Rappelons ici que dans la tradition compagnonnique, les « Loups » sont les Compagnons Étrangers tailleurs de pierre. C'est du moins le surnom que leurs donnent leurs ennemis, les Compagnons Passants tailleurs de pierre, qualifiés en retour de « Loups garous ». Ce sont là des surnoms qui ne nous sont connus qu'au XIXe siècle et dont l'origine reste à éclaircir, sachant que contrairement aux idées reçues, cette totemisation n'est pas très ancienne et n'antécède probablement pas le milieu du XVIIIe siècle. Quoi qu'il en soit, l'agglutination « Loups » + « Passants » est d'un improbable à la limite du ridicule. En la commettant, l'auteur vise certainement, sans l'expliquer le moins du monde, à se positionner en amont de la scission qui aurait déchiré les deux clans compagnonniques...

Car, en publiant de tels ouvrages, c'est bien de cela qu'il s'agit in fine : laisser entendre qu'il existe, quelque part en arrière-plan de la nébuleuse chaotique des obédiences maçonniques classiques et du grouillement des groupuscules aux rites les plus exotiques, une voie initiatique authentique qui, via le Moyen Âge chrétien, remonte sans aucun doute aux temples de l'antique Égypte... On reconnaît bien là une thématique chère au cœur du pilier des éditions Maison de Vie, Christian Jacq, qui l'avait déjà exposée dès 1980 dans Le message des constructeurs de cathédrales. À lire l'un et à relire l'autre, on se demande d'ailleurs si Andrew Fabriel existe bel et bien et s'il ne s'agirait pas tout simplement d'un clone de Christian Jacq.

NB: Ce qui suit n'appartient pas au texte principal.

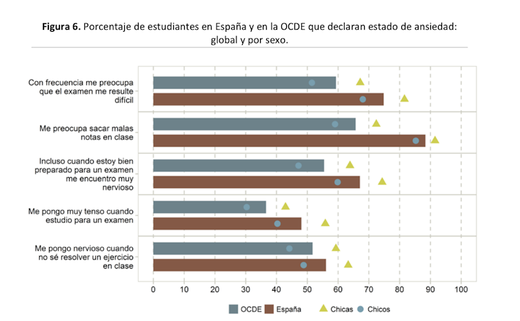 Porcentaje de estudiantes en España y en la OCDE que declaran estado de ansiedad: global y por sexo. Resultados de PISA 2015: El Bienestar de los estudiantes. MECD
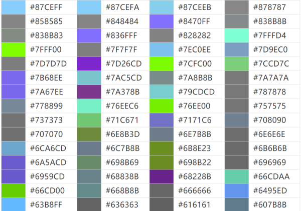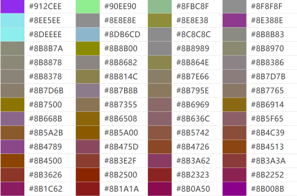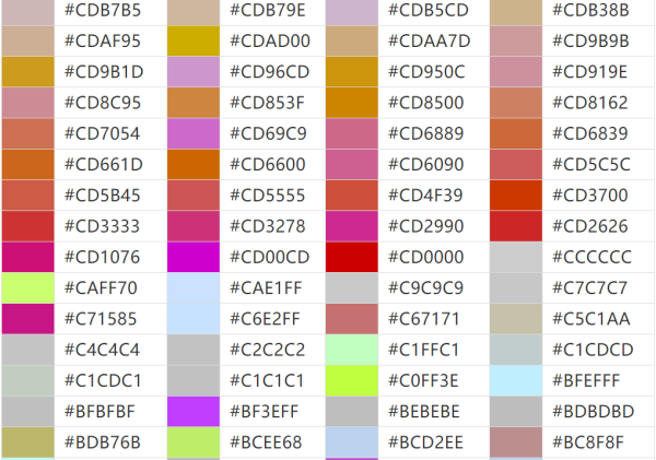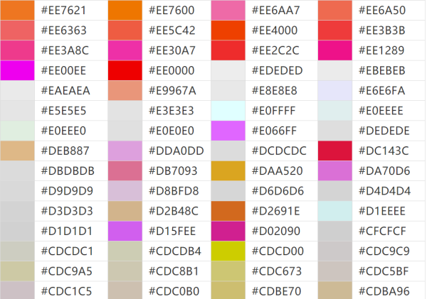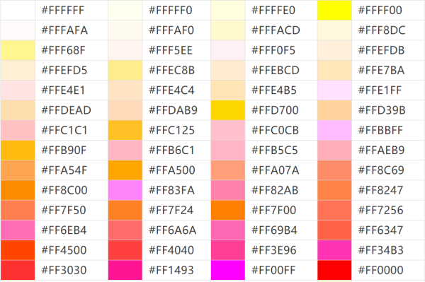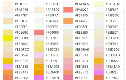 各种颜色的代码是什么
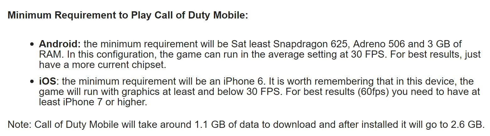Emmm,这么含糊其辞的说法显然不是我想要的,某个媒体曾公布了使命召唤手游的配置细节要求:
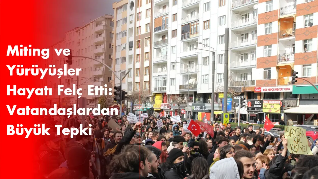 Son günlerde Eskişehir’de artan miting ve yürüyüşler, şehirdeki gündelik hayatı olumsuz yönde etkiliyor. İş çıkış saatine denk gelen bu etkinlikler nedeniyle ulaşımda ciddi aksamalar yaşanırken, vatandaşlar mağduriyetlerini dile getiriyor. İşten çıkıp evine gitmek isteyen, çocuğunu hastaneye yetiştirmeye çalışan veya günlük işlerini halletmeye çalışan birçok kişi, yürüyüşler nedeniyle saatlerce yolda kalıyor.
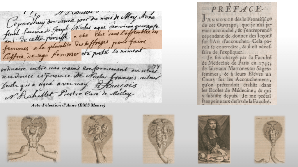 Remontons un tout petit peu notre arbre et arrêtons-nous sur la fratrie de Nicolas. Notre charpentier avait cinq frères et sœurs. Seuls l’aînée Anne, Nicolas et le dernier, Joseph fonderont une famille. Si Nicolas était charpentier, je n’ai pas croisé le métier de Joseph dans les actes dont je dispose. Cependant, chose rare et inestimable, j’ai retrouvé l’activité de notre collatérale Anne (merci sérendipité, la meilleure amie des généalogistes). Elle fut en effet (…) élue dans l’assemblée des femmes à la pluralité des suffrages pour faire l’office de sage-femme et a prêté le serment ordinaire entre mes mains conformément au rituel de ce diocèse (…). Par chance pour nous, l’élection a été couchée sur le papier dans le registre BMS par N. Richellet, prêtre curé de Morley. Nous sommes le 12 mai 1748, une semaine jour pour jour après l’inhumation du père d’Anne et de Nicolas. Anne a alors quarante ans, elle a déjà transmis la vie cinq fois et donnera encore naissance à trois enfants dans les années qui suivent. Les illustrations qui accompagnent ici le précieux acte sont tirées de l’ouvrage Observations sur la pratique des accouchements, naturels, contre-nature et monstrueux par Cosme Viardel (octobre 1747). Et l’extrait que je n’ai pas résisté à afficher – relu à plusieurs reprises voulant être sûre que mes yeux lisaient bien ce qui était rédigé – est tiré de l’Art d’accoucher réduit à ses principes par J. Astruc (janvier 1761). Ces deux livres sont librement consultables dans leur intégralité sur le site Gallica.
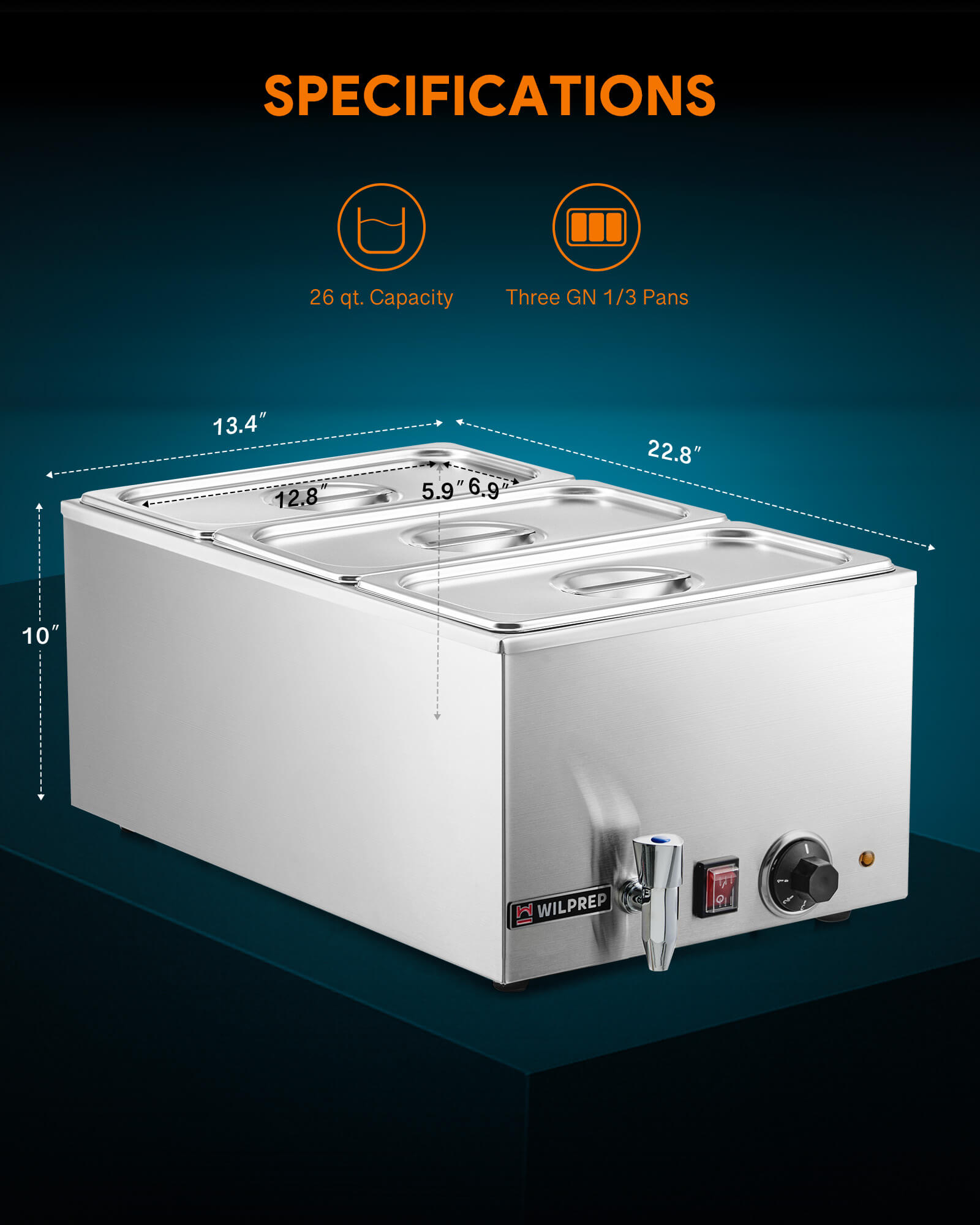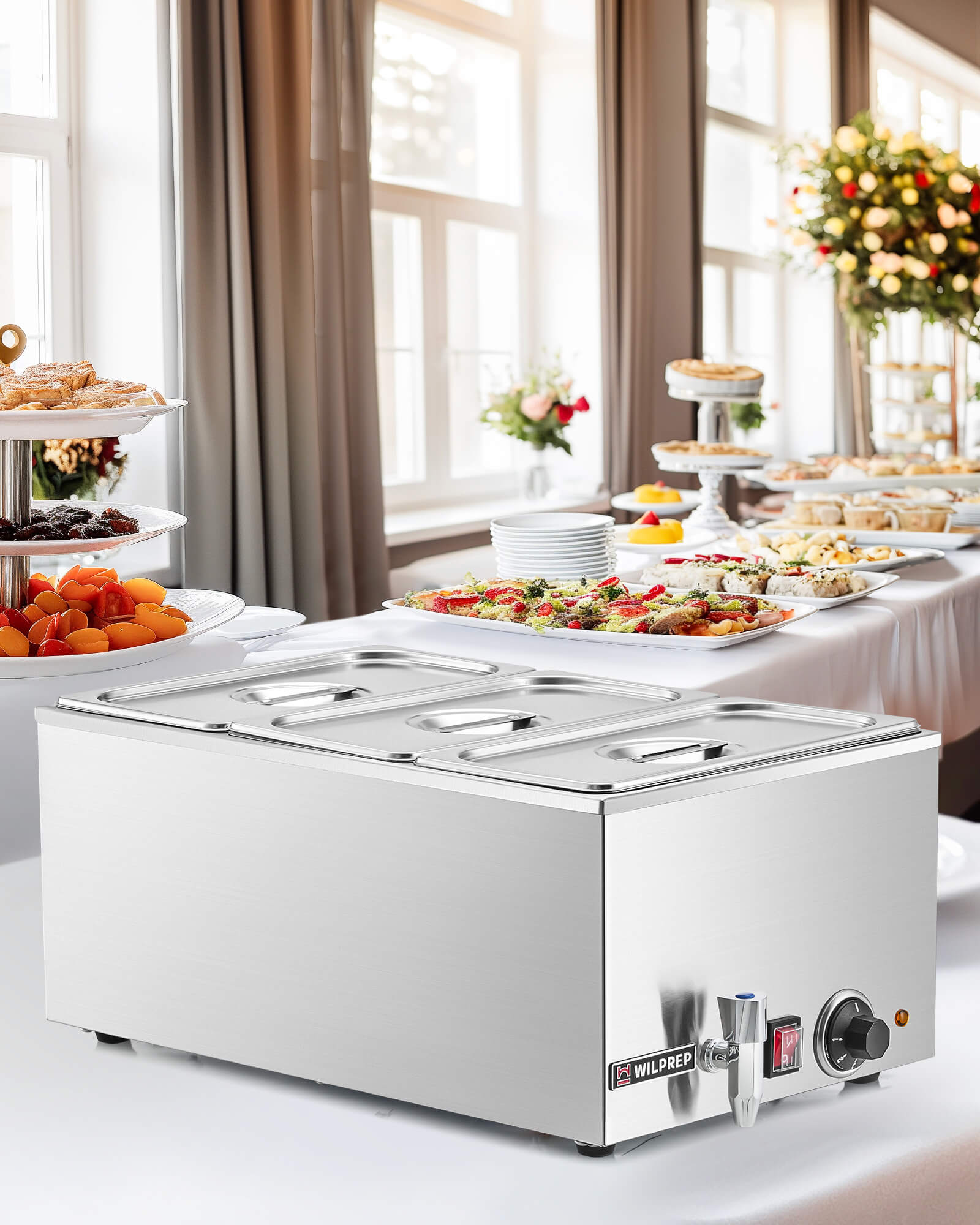 - Keep Your Food Warm: Wilprep's 1200W commercial food warmer, equipped with a stainless steel U-shaped heating tube, ensures rapid and uniform heating, keeping your dishes fresh and ready to serve for extended periods.
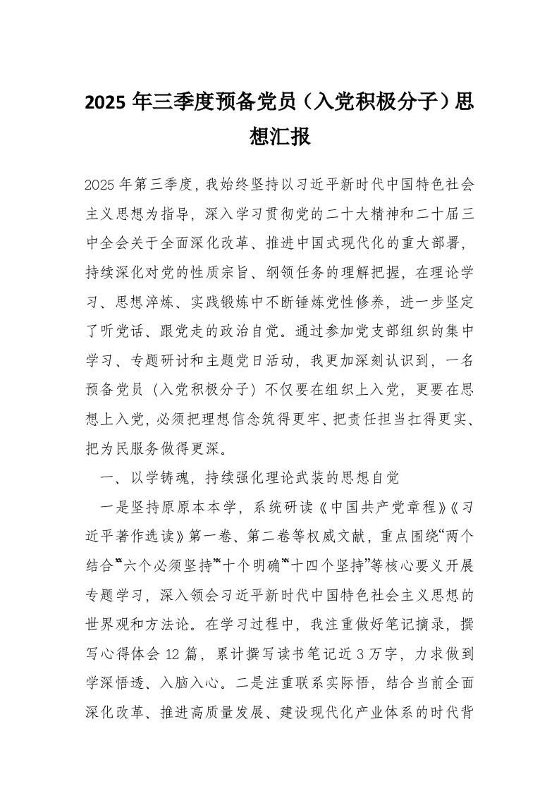 首页讲课讲稿2025年三季度预备党员(入党积极分子)思想汇报
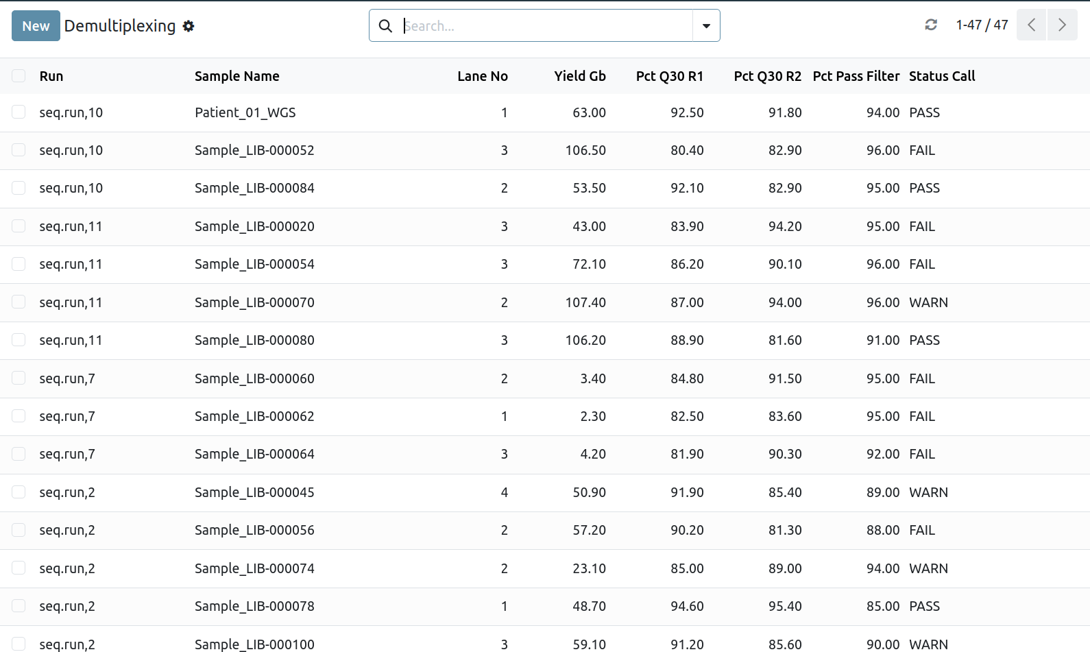 - Track samples through library prep, pooling, sequencing runs, and demultiplexing with complete traceability
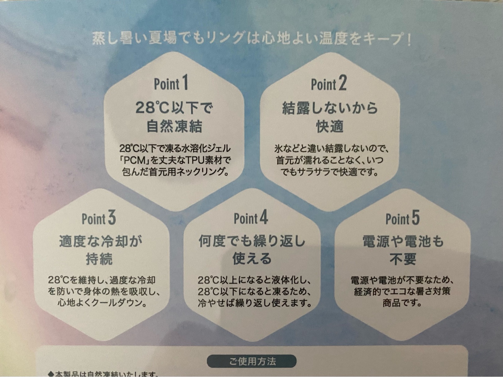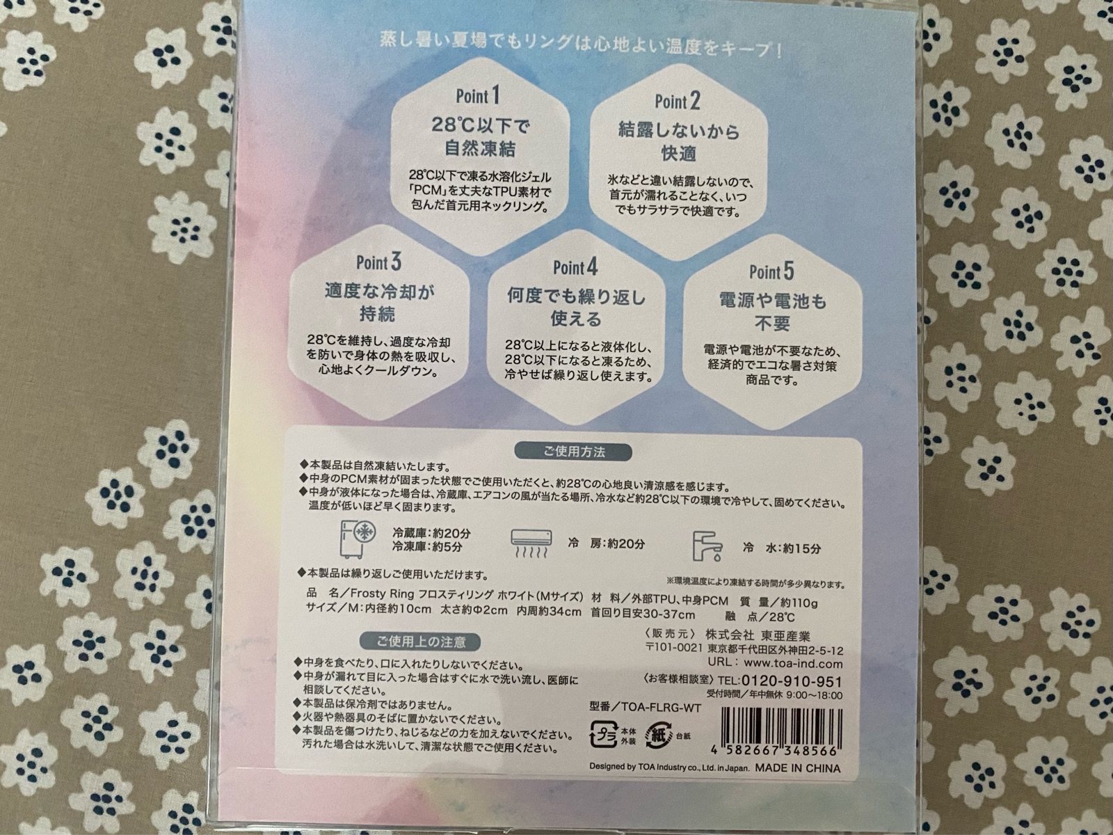 今回の素材は「PCM」と言う 28℃以下で自然凍結するNASAが開発した素材を使用しているそうで
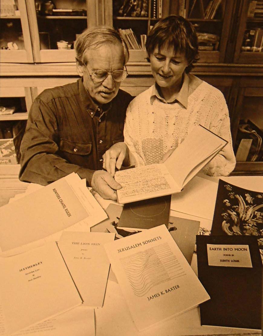 When Maslen returned to Otago from sabbatical in 1967, he was determined to put the operation of the Press on sounder ground. He drew up the ‘Chapel Rules’, which were given to each user for signing. He started a register that logged in users and visitors to the press, and in order to document the activities of the press, instigated the policy of taking two copies of every item printed. This was the beginning of the Bibliography Room Archive, now a collection filling ten boxes. No matter how skilled one was in the ‘Black Art’, there remains one golden rule: ‘type comes in fonts and lives in cases. It needs your help to go home.’ Two versions of the ‘Chapel Rules’ are on display alongside a photograph of authors Maurice Shadbolt and Elspeth Sandys (the 1996 Burns Fellow), seen admiring some of outputs from the Press. Maurice Shadbolt and Elspeth Sandys, 4 March 1996 |

En tous les cas, le livre appartient à la catégorie « plus “haut antique” que moi, tu meurs » ! Les amateurs de verbiage inspiré apprécieront toutefois toutes ses belles phrases, qu'on imagine prononcées d'un air pénétré par des maîtres à l'aura palpable : le livre les aligne comme d'autres enfilent les perles (de verre, il va de soi...). Et pour ceux qui, après cette saine lecture, souhaiteraient adhérer à une telle démarche initiatique authentique, il me semble qu'en écrivant à l'auteur via son éditeur (c'est-à-dire Christian Jacq), comme il est indiqué dès la page 6, il doit être possible d'entrer en contact avec la mystérieuse confrérie des « Loups passants ».

Pour ma part, en conclusion de ce coup de gueule (de loup), je dis :
s'il vous plaît messieurs les grands initiés, laissez donc les Compagnons tranquilles : ils travaillent, eux...

L'homme pense parce qu'il a une main. Anaxagore (500-428 av. J.-C.)